California’s approach is admittedly less noxious than the one taken in Texas and Florida, which would make government regulators the final arbiters of free speech—with all the First Amendment problems that entails. Assembly Bill 587, which is gaining steam as the California Legislature heads toward the end of session, tries instead to empower individuals by providing users with meaningful information about content moderation practices.

In the politically charged space of internet regulation, even laudable goals may result in disturbing, unwanted consequences. The bill’s  fine print creates the possibility of abuse, allowing prosecutors and courts to cross the line between consumer protection and speech regulation. If it approves this law, California may end up similar to Texas and Florida, albeit unintentionally. AB 587 could give the government far too much power to shape online speech to serve political objectives.

For markets to be effective, consumers must have meaningful choices and adequate information to inform decisions. In social media, this means clear information on content policies, terms of service and moderation mechanisms. This must be sufficient to help users understand how their content will be treated by a platform and how the platform will help protect their online engagement. At the R Street Institute, we call for “clarity and specificity” in all content-moderation policies.

Against that backdrop, the idea behind AB 587 is understandable, and may even be well-intentioned. The bill requires platforms to provide to the attorney general a “terms of service report” that includes policies for and accounting of content moderation practices. But to enforce this, the bill creates an expansive net, allowing virtually any city or county prosecutor to bring a complaint alleging deficit in the terms of service report, and collect any financial penalties for local benefit.

Compounding this, among its list of violations AB 587 includes whether the report “materially omits or misrepresents required information.” Such vague language, combined with the ability of any prosecutor in any court to bring a complaint, means that in all likelihood, soon after the law’s passage, politically motivated lawsuits will be brought against one or more social media companies.

These lawsuits will follow the same pattern of abuse as Texas Attorney General Ken Paxton in his lawsuit against Twitter. Paxton’s actions were designed to punish Twitter for suspending the account of former President Donald J. Trump. Somewhere in California, if AB 587 passes, a prosecutor will bring a political, punitive case against a social media company, claiming that the platform has made a material misrepresentation and that its “true” content moderation practices involve secret bias or undisclosed “shadowbanning.” And in a friendly local court, that prosecutor could win an initial favorable judgment. Eventually, the platform will probably prevail in court, but it may take multiple appeals and result in wasteful litigation costs, both for the company and for the taxpayers in the jurisdiction in which the suit was filed.

California is well aware of the potential for abuse of private litigation for political purposes, and has a robust anti-SLAPP statute in place. So-called “strategic lawsuits against public participation” are brought by plaintiffs to create legal costs that repress free expression. To protect against this abuse of the legal system, anti-SLAPP laws make it easy and quick to dispose of such ill-intentioned lawsuits.
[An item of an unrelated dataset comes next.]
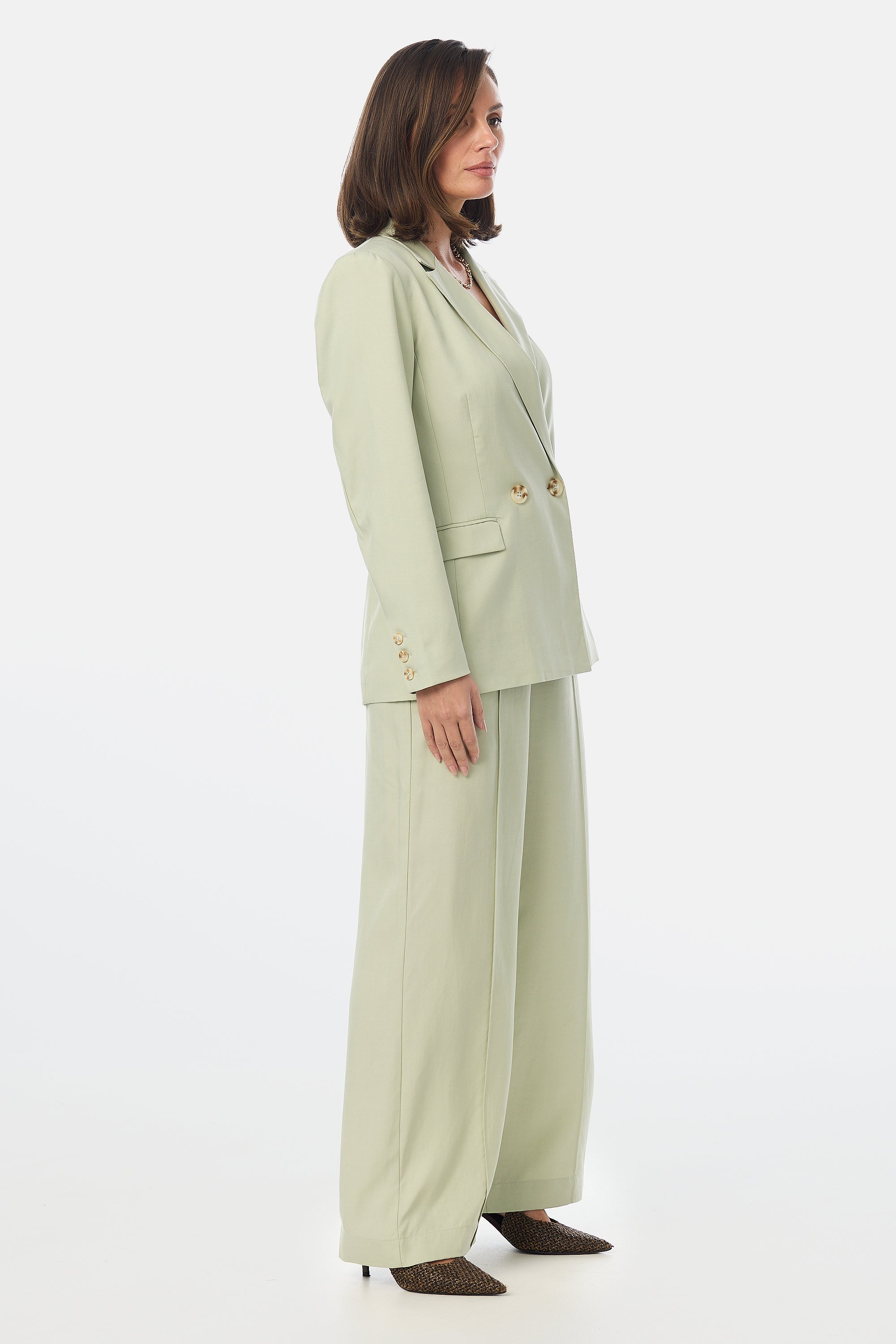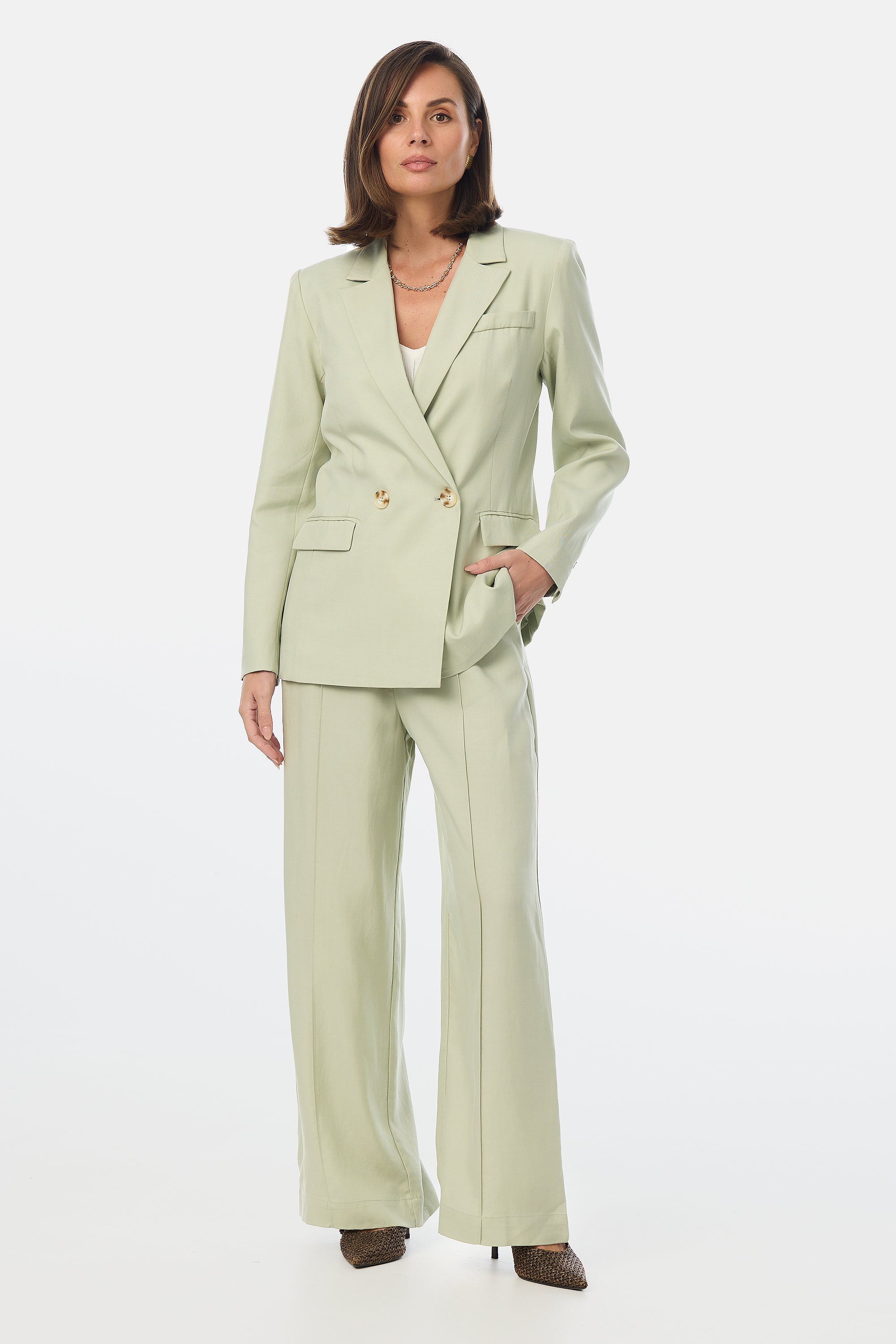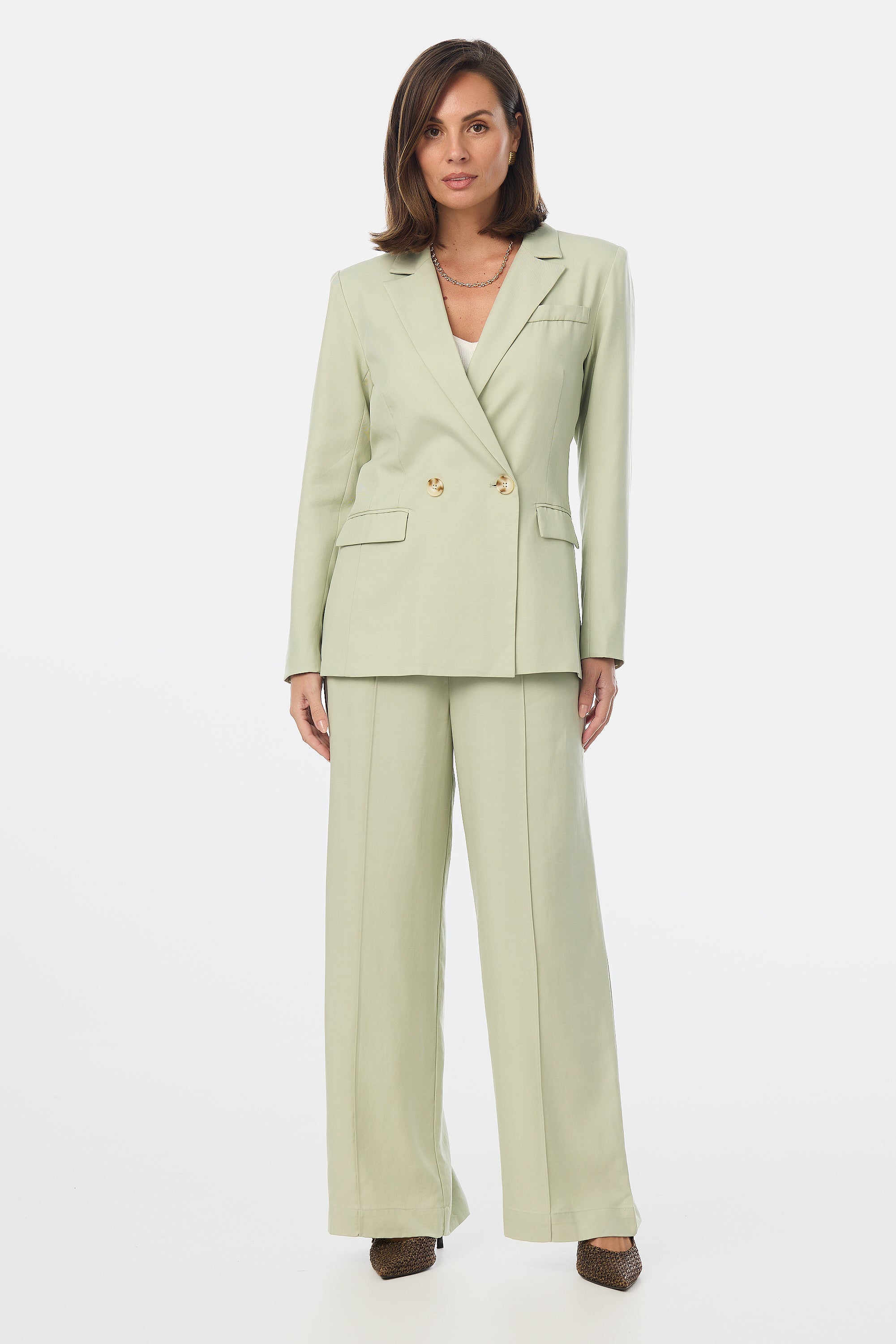 Designed to move with you, the Tailored Pintuck Pants in Pistachio feature a wide-leg silhouette and sharp front pintucks that elongate the leg. With side elastic panels for extra comfort, these suiting trousers are perfect for pairing with the matching Tailored Double Breasted Blazer or a tucked-in knit.

Today, it is not only individuals, but democratically elected officials using the power of the court system to pursue their political agendas. It only takes one prosecutor and one court to create a massive problem.

The idea behind AB 587 may be valid. But the nature of its transparency obligations, the breadth of potential political enforcement and the vague language of misrepresentation as a violation combine to allow for manipulation of the law for illegitimate and harmful purposes. Revisions to any of these mechanisms—narrowing the scope of disclosure, clarifying the nature of a violation, or limiting the number of potential prosecutors—could address this concern.

But AB 587 as drafted dramatically increases the scope of risk of politicized regulation, and must be further revised or rejected to eliminate that possibility.